Henderson agreed that the road ahead is tough for South Africa but warned the hosts against complacency. “I think we need wickets. They are 140-plus already, we need wickets early to try and create pressure. Anything above 200 I believe will be challenging but saying that, I have seen this team doing some special things,” he said. “With our batting line-up, I won’t get easy if I am India because there is a lot of time left in this game and we don’t know what can happen with this game. Anything can happen, the good thing is there is a lot of time left. But obviously, if they are going to go past 300, then it is going to be really difficult. The bigger the score, the longer you can carry catchers around. So it is going to be interesting,” he opined.

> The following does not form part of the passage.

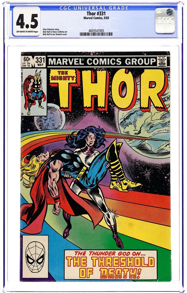 Direct Edition. Cover pencils by Bob Hall, inks by Joe Sinnott. Thor continues battling the Crusader in "Holy War," script by Alan Zelenetz, pencils by Bob Hall, inks by Vince Colletta; Thor is wounded by the Crusader and Sif takes him to Asgard to be healed by Odin; Upon his return Thor defeats the Crusader. Bullpen Bulletins. 36 pgs., full color. $0.60. Cover price $0.60.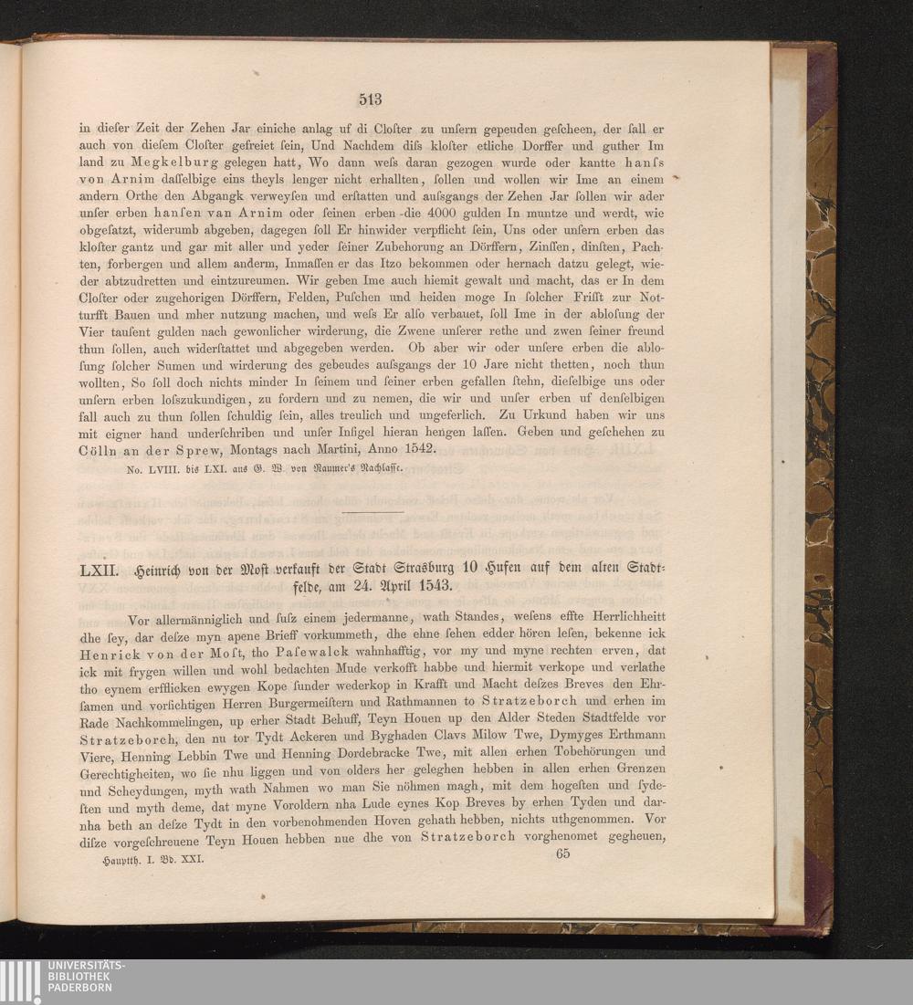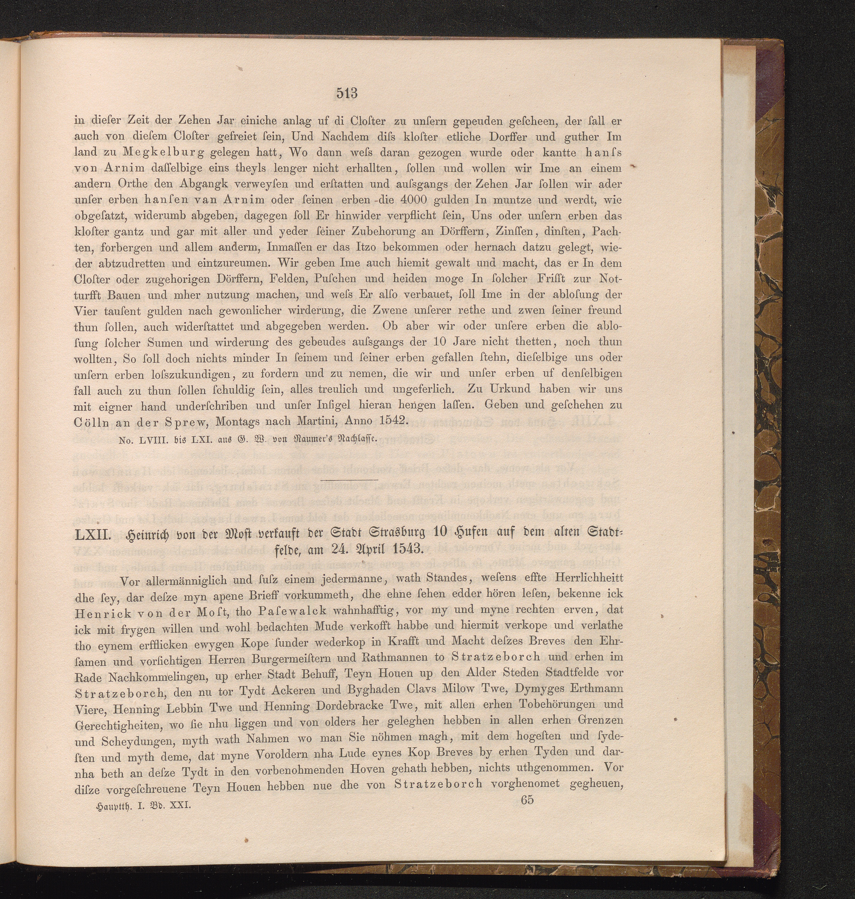 LXII. Heinrich von der Most verkauft der Stadt Strasburg 10 Hufen auf dem alten Stadtfelde,[...]

Talking about the key to spinners’ success on this track, Henderson said, “In the past, I haven’t seen one Indian spinner not being successful at home and a lot of spinners in the past have come here and they have found it difficult. Not only the pace they bowl or maybe the tactics, plus also the pressure. It’s big pressure on a spinner when you see somebody else taking wickets and turning, now you feel I have got to go and do it and that creates pressure. “It’s back to basics really. We look at the revolutions on the ball, we look at the pressure, the field placing and try and keep a spinner calm and really enjoy his bowling and bowl a long spell. Look at a guy like (Ravindra) Jadeja. From the side, when you watch you think every ball spun past the bat but it didn’t.